Currently I'm doing the following:

return Response.status( 200 )
        .header( "content-disposition", 
                 "attachment;filename=SampleCSV.csv;charset=Unicode" )
        .entity( result )
        .build();

but when this response is built and returned to the client side (and a popup screen is displayed asking to download the file), the Chinese content of the excel file is gobbly gooed.

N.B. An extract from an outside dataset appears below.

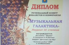 Региональный конкурс вокалистов и конферансье «Музыкальная галактика». Ансамбль «Лилия» (Закирова Л.Р., Орлова Л.И., руководитель: Спиридонова Р.Х.) – Диплом лауреата III степени в номинации «Вокальный ансамбль (возрастная категория 21 и старше)"; - ансамбль «Девчата» (Беляева Е.И., Габдрахманова З.М.) – Диплом участника в номинации «Вокальный ансамбль (возрастная категория 21 и старше)»; - ансамбль «Капель» (руководитель: Спиридонова Р.Х.) – Диплом участника в номинации «Вокальный ансамбль (возрастная категория 5-7 лет)»; - Банников Антон (руководитель: Спиридонова Р.Х.) – Диплом участника в номинации «Вокал соло (возрастная категория 5-7 лет)». 03.03.2021

Any suggestion will be highly appreciated.

Flimzy
  • 68,325
  • 15
  • 126
  • 165
Mohammad Najar
  • 1,959
  • 2
  • 20
  • 31

2 Answers2

5

The RFC that defines the content-disposition header doesn't mention a charset clause

Try also adding a proper content-type header to the response:

.header("Content-Type", "text/csv; charset=utf-8")

Be sure to use utf-8, and not unicode. If that works, then you can remove the charset clause from the content-disposition header.

Community
  • 1
  • 1
Sean Reilly
  • 20,946
  • 3
  • 47
  • 62
3

You specify charset=Unicode, which is not valid because Unicode is not a single encoding. It's a character set with a family of encodings. UTF-8 and UTF-16 are commonly-used encodings.

You can control the response header, to affect how the browser/client interprets the response, using the @Produces annotation. I've seen different opinions about whether this works:

I'm fairly certain that this only changes the encoding declared in the response headers; it doesn't change the encoding that's actually used to convert the response string into bytes to send over the network. These two must match, otherwise the browser/client will misinterpret the response, because it believes that you used a different encoding than you actually did.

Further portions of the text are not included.